Taking the bad with the good
If you look through the market, there's likely no company more diversified than General Electric. It has a presence in everything, with industrial, financial, power, transportation, and even health-care divisions. Therefore, some investors often think that an investment in GE is like index investing the Dow Jones. However, this simply isn't the case.
For example, there's no question that you get a very profitable and large GE Capital business, which accounted for $10.6 billion of the company's $35.7 billion in revenue during its last quarter . GE also has lucrative aerospace, oil & gas, and industrial segments. Each saw strong year-over-year growth.
However, your investment in GE also includes power & water, energy management, and health care, all of which saw declining revenue or no growth. These divisions helped drag down the overall company to a year-over-year revenue decline of 1% in the most recent quarter.
Remove the bad, and improve the good
GE bulls like to point to the $13.9 billion that the company has returned to shareholders this year; its 19% overall order growth; and its steady efforts to shrink the debt that has plagued it for years. However, these positives still don't negate the bad that comes with GE.
What if you want to capitalize on all of GE's strengths, but none of its weaknesses? Thankfully, GE's transparent quarterly earning reports let you pick apart the areas of the market in which the company's having more or less success.

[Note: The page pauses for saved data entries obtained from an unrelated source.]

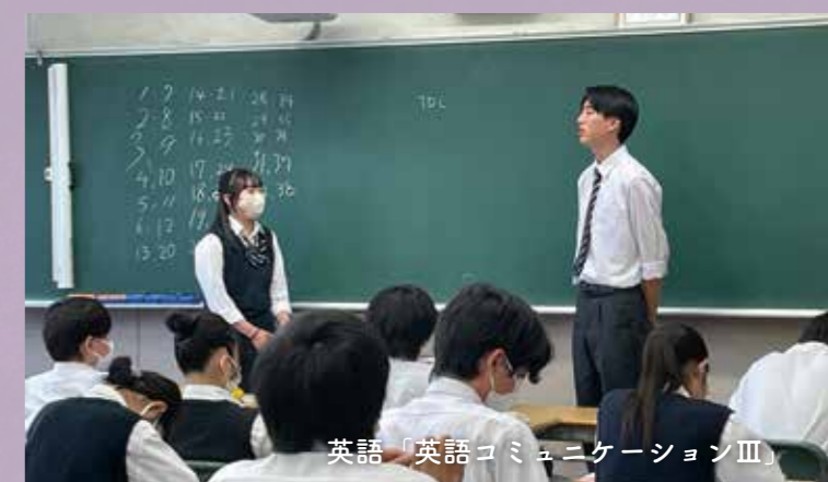
英語「英語コミュニケーションⅢ」
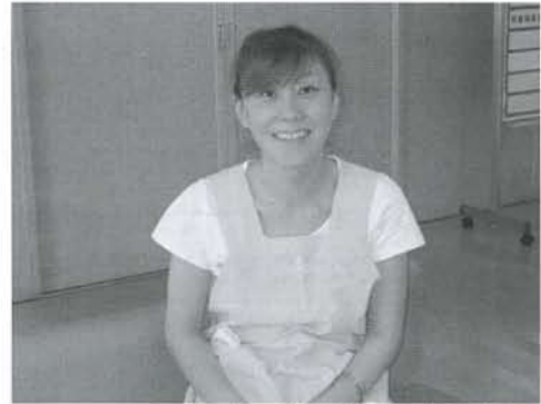
▲1日に、3～4軒の利用者のお宅を訪問し、調理や清掃に励んでいます。
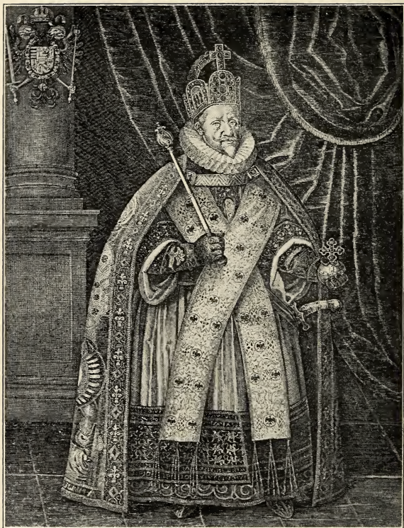
THE EMPEROR FERDINAND II.
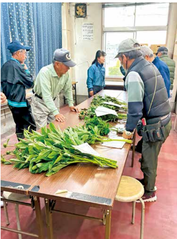
▲出荷作業を行う生産者

同部会は、シャクヤクで地域を明るくしていくと、2017年に結成され、今年で10年目となります。部員16人が33・6aで「レッドチャーム」や「春の粧」など、15品種3000株以上を栽培しており、出荷時には、品種によって背丈を60〜80cmに揃え出荷規格を徹底。下葉を処理して、つぼみのまま1箱30本で出荷します。
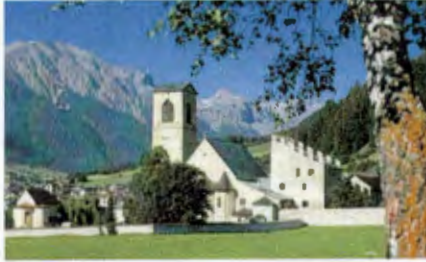
Val Müstair (GR) Kloster St. Johann

For example, aviation performed well; GE's aviation segment grew 12% to $5.3 billion, booking 18% profit growth. Moreover, the company now has a $114 billion backlog in aviation, though this compares only marginally to Boeing (NYSE: BA ) , with its whopping $415 billion backlog.
While aviation is GE's strongest space, it's Boeing's only space. An investment in Boeing, which also enjoys double-digit top-line growth, allows you to capitalize on this one strong segment. At 23.5 times sales, Boeing trades at a slightly richer valuation GE. But wouldn't you rather pay a slight premium to invest directly in the segment providing GE with its strongest performance?
Next, let's look at GE's oil & gas segment, which grew its revenue by 18% to $4.3 billion. However, these numbers are a bit skewed by the close of GE's rather large acquisition of Lufkin. This $3.3 billion deal gave GE a company that grew 37% in 2012, with revenue of $1.3 billion . The rest of GE's oil & gas division did grow on its own, but the Lufkin deal inflates that overall growth in the company's quarterly report.
If you want to invest in the massive domestic production boom that's revitalizing U.S. oil, Schlumberger (NYSE: SLB ) might make a very attractive alternative to GE. Schlumberger is a massive $122 billion company in the same space as GE's oil and gas division. Its annual revenue of nearly $45 billion grew 9.4% in its last quarter alone . Despite Shlumberger growing significantly faster than GE, it can surprisingly be purchased for the same P/E multiple as GE, making it that much more attractive.
GE's making fundamental progress with its balance sheet, and it's a good investment in the overall market. But you can invest in the company's strengths -- and get better performance in those areas -- while avoiding the weaknesses that hinder GE's overall returns. Clearly, there are far better ways to invest in GE's lines of business.